**YOUR OBJECTIVE:** Word for word, restate the lines from the one holding "完美世界:1月12日高管池宇峰减持股份合计318万股" through the last line of the material below, and leave every picture out.

++++ SUPPLIED DATA ++++

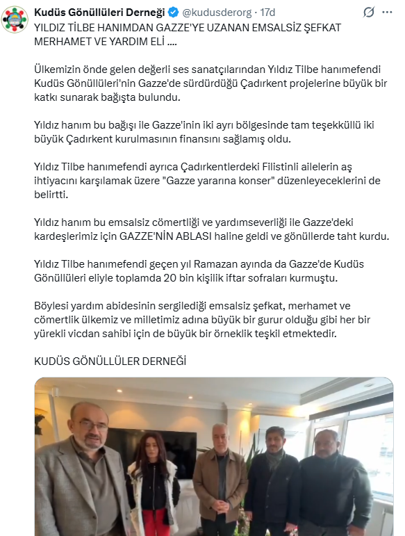 Yıldız Tilbe’nin insani yardım çalışmalarının ilk olmadığına dikkat çekilen açıklamada, sanatçının geçtiğimiz yıl Ramazan ayında da Gazze’de Kudüs Gönüllüleri aracılığıyla toplam 20 bin kişilik iftar sofralarının kurulmasına destek verdiği hatırlatıldı.
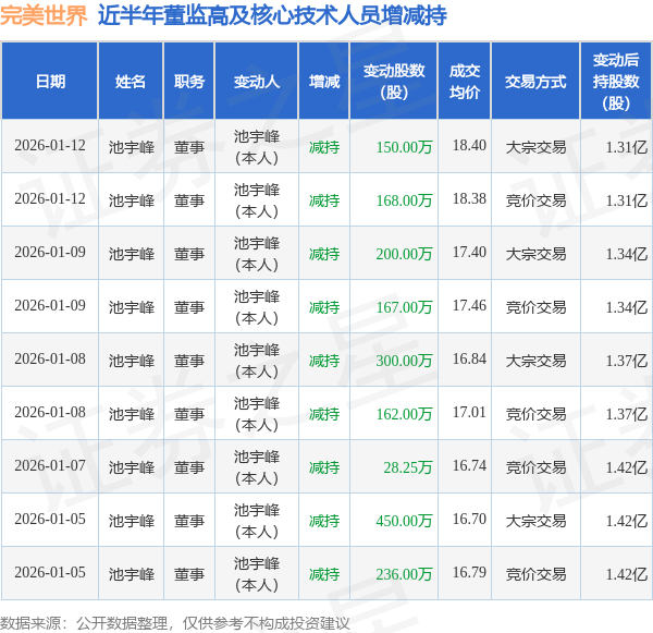 完美世界:1月12日高管池宇峰减持股份合计318万股
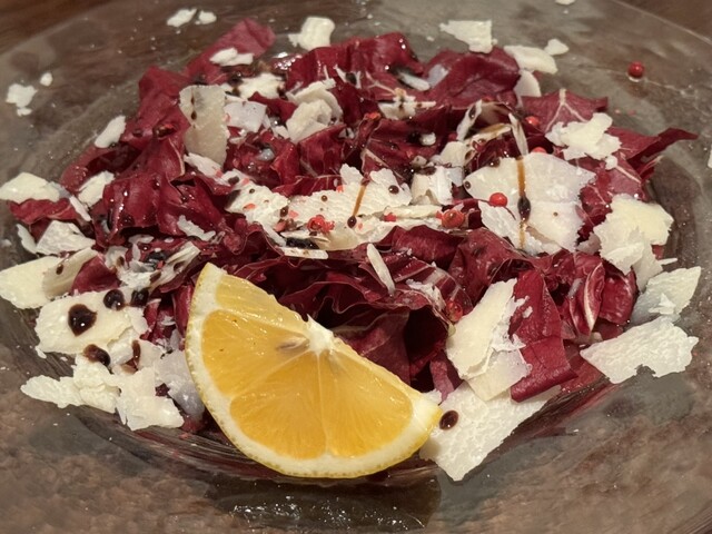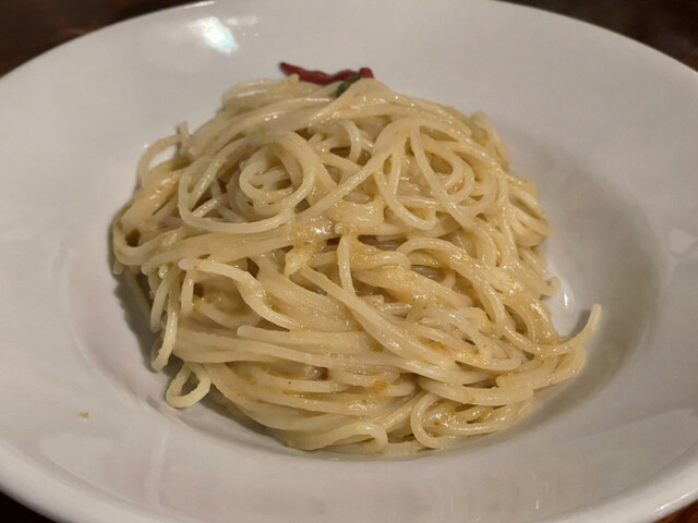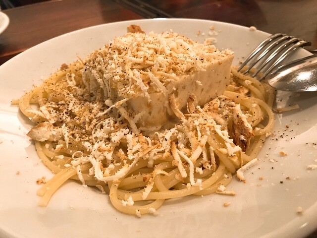 ソースが絶妙。正体は不明だがバルサミコににんにくもあわさってる?上品な馬刺しをいただく感覚。ここは1皿の量が多い料理がほとんどですが、これは唯一普通量に感じました笑
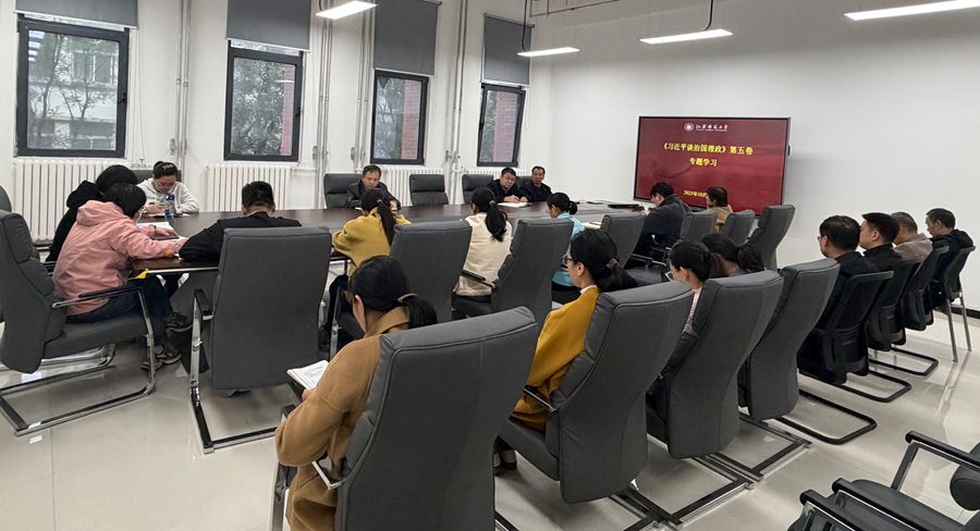 会议组织支部全体党员开展专题学习,宣传委员朱锐带领大家深入研读《习近平谈治国理政》第五卷第一章“以中国式现代化全面推进中华民族伟大复兴”,深刻体悟以习近平同志为核心的党中央在推进中国式现代化上的发展智慧。张强总结学习强调,全体党员要将学习成果转化为实际行动,立足岗位,在服务全校师生、实验室安全管理、校内外实验测试等工作中积极作为,为中国式现代化贡献力量。

++++

**FINISHED EXERCISE:**
 完美世界:1月12日高管池宇峰减持股份合计318万股
 ソースが絶妙。正体は不明だがバルサミコににんにくもあわさってる?上品な馬刺しをいただく感覚。ここは1皿の量が多い料理がほとんどですが、これは唯一普通量に感じました笑
 会议组织支部全体党员开展专题学习,宣传委员朱锐带领大家深入研读《习近平谈治国理政》第五卷第一章“以中国式现代化全面推进中华民族伟大复兴”,深刻体悟以习近平同志为核心的党中央在推进中国式现代化上的发展智慧。张强总结学习强调,全体党员要将学习成果转化为实际行动,立足岗位,在服务全校师生、实验室安全管理、校内外实验测试等工作中积极作为,为中国式现代化贡献力量。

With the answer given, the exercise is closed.